Making the Shift is inspired by the work of Dr. David Hawkins’ Map of Consciousness, attachment theory, and somatic meditation. But at its core, Conscious Relating isn’t about chasing the typical self-help fantasy of “happily ever after.”
It’s not just another tool to fix your dating life or perfect your partnership. It goes deeper than that. It asks:
What is your relationship with life itself?
Because how you meet life—your presence, your patterns, your beliefs—ripples through every relationship you touch: with a lover, a parent, a child, a friend, a colleague, even a stranger.
This work doesn’t bypass the messy, real-time dynamics of intimacy. In fact, that’s exactly where the work happens. But we keep our eye on something deeper—what Sages might call the common ground of being—that shared essence beneath all the roles we play.
Conscious Relating is about aligning with that ground. Remembering it.
And choosing, again and again, to bring more of our awareness to it.
When we do, our relationships become more than just containers for comfort or survival.
They become catalysts for evolution.
Put simply: if a relationship—romantic, familial, communal, or organizational—isn’t helping us grow, it tends to regress.

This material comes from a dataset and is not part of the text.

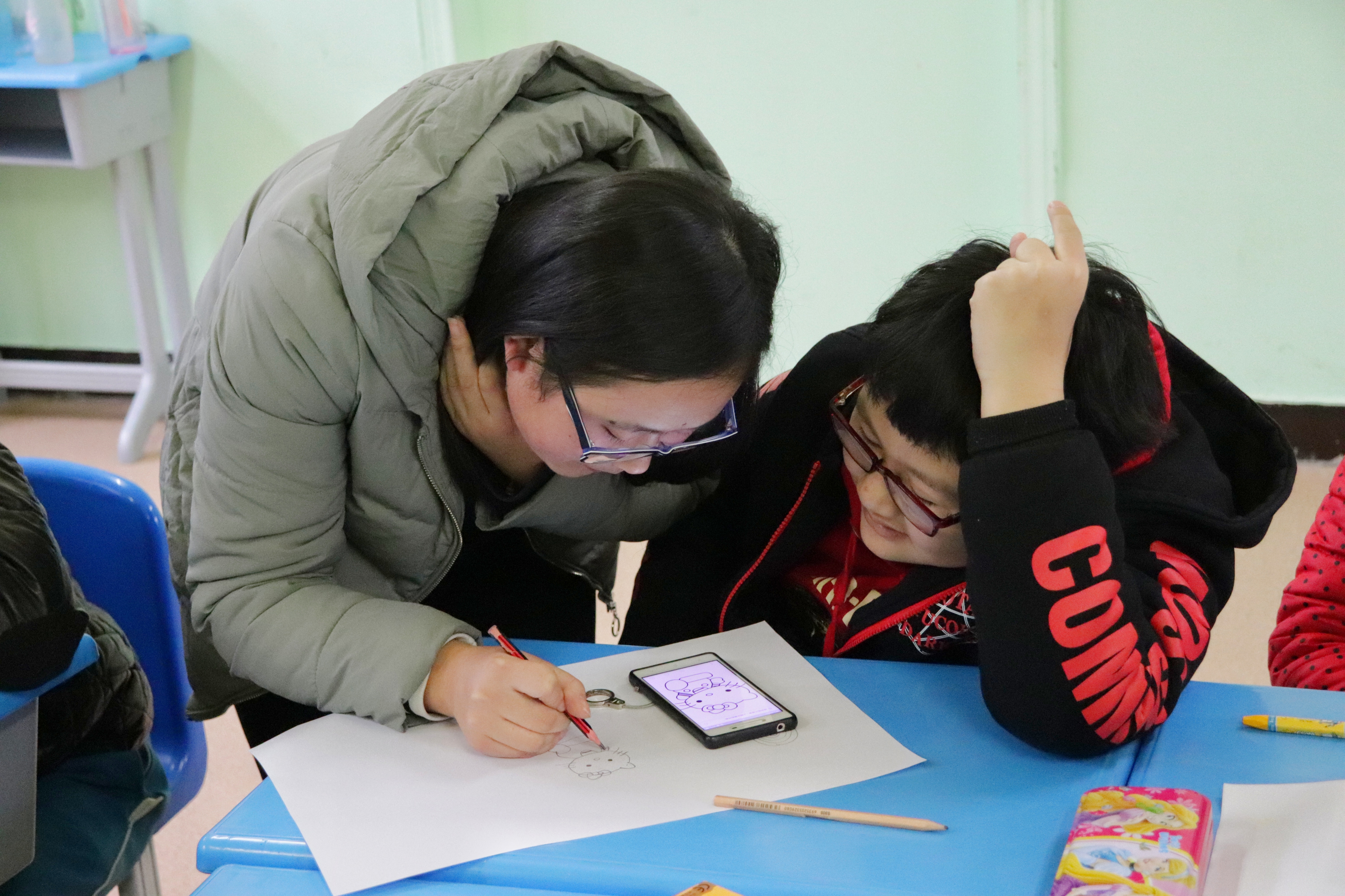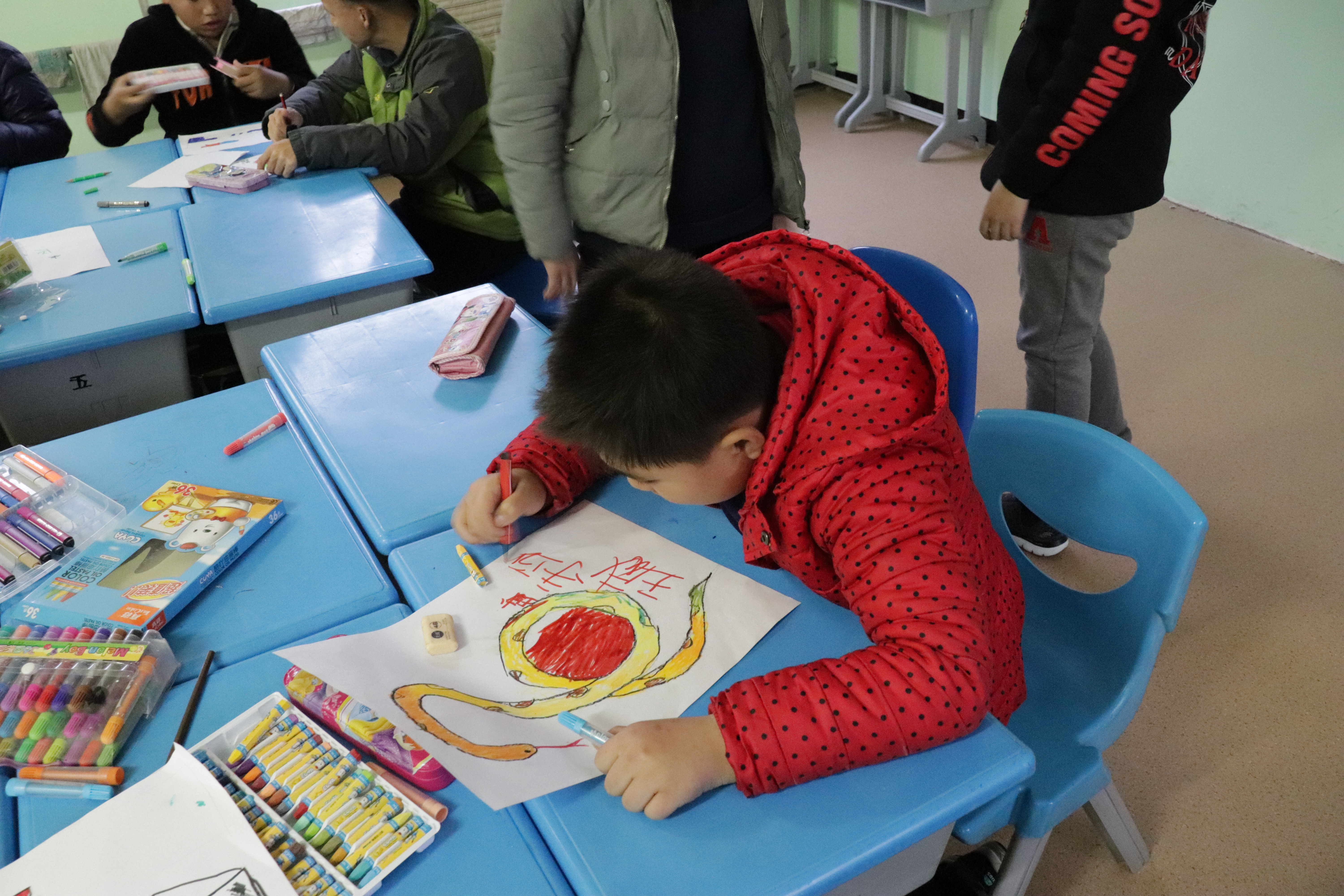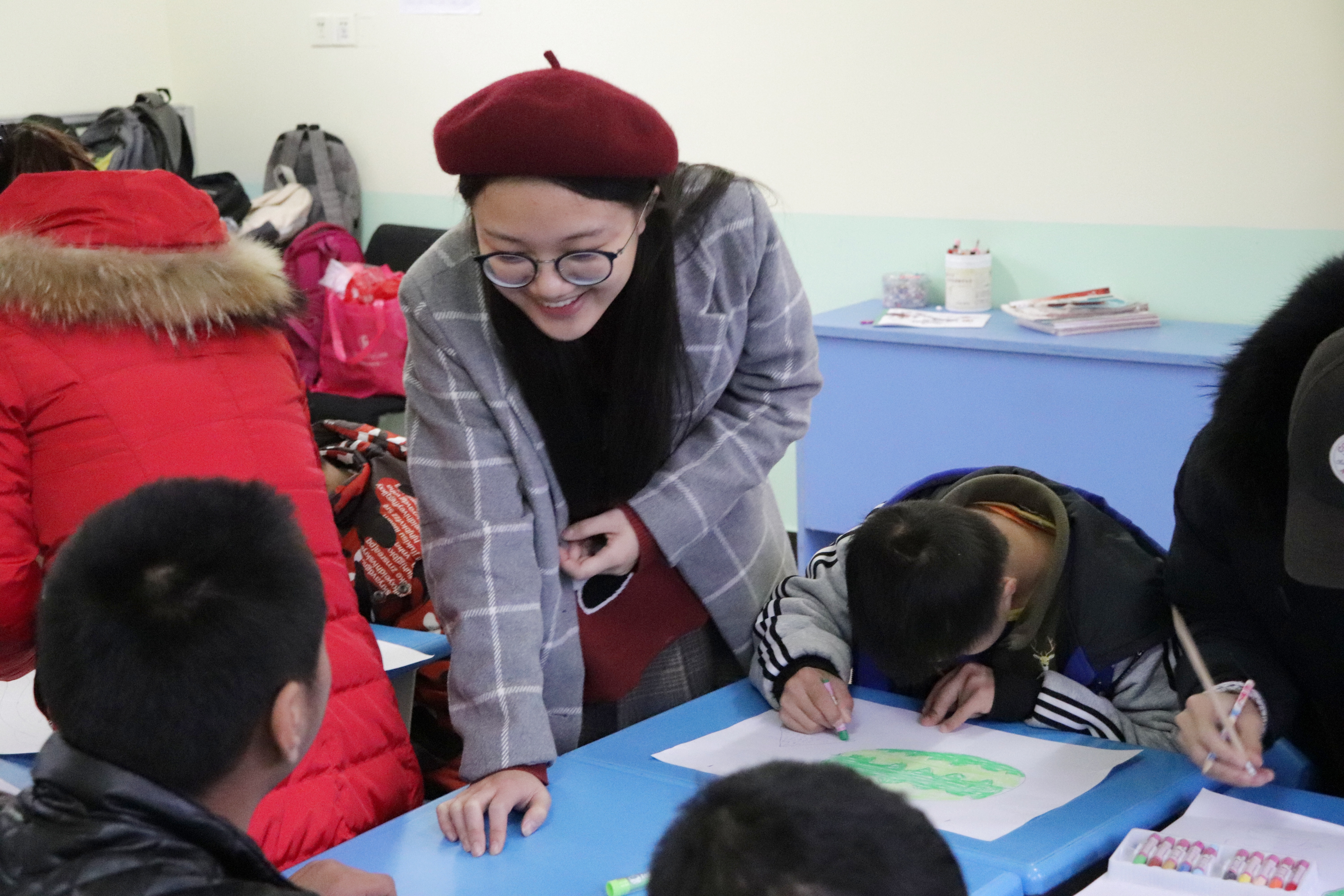 参与本次活动的志愿者共计11人,活动开始,志愿者们被分为两队,一队负责协助老师教学,一队负责打扫学校院落的卫生。辅助老师教学的志愿者们全程陪伴在孩子们身边,解答孩子们的疑惑,认真耐心地教他们如何画好一幅画。整个过程,志愿者全神贯注,不管遇到什么情况都以微笑面对孩子,给他们鼓励、呵护与温暖。与此同时,另一队志愿者在负责天爱日常打扫工作人员的带领下开始了他们的打扫工作。他们不辞辛苦,认真负责,将屋顶、广场等地的落叶、垃圾打扫的干干净净。由于学校打扫卫生的工具不多,志愿者们就用手将树叶抓入垃圾桶中,丝毫不在意弄脏手和衣服。最后,在大家的合影中本次志愿服务活动结束。

We fall into co-dependence. We stagnate.
And in group dynamics, when individuals avoid doing their inner work, the group becomes what we might call a lazy tribe—comfortable, perhaps, but unawake.
This path isn’t about perfection.
It’s about presence—and the courageous willingness to grow into something greater, together.
Understanding Attachment: From Wounding to Wholeness
Our patterns in love didn’t begin in adulthood.
They were etched early—through the nervous systems of caregivers, the unspoken rules of closeness, and the emotional landscapes we learned to survive in.
At the heart of conscious relating is a deeper understanding of attachment systems—how we bond, how we protect ourselves, and how we unconsciously repeat what’s familiar.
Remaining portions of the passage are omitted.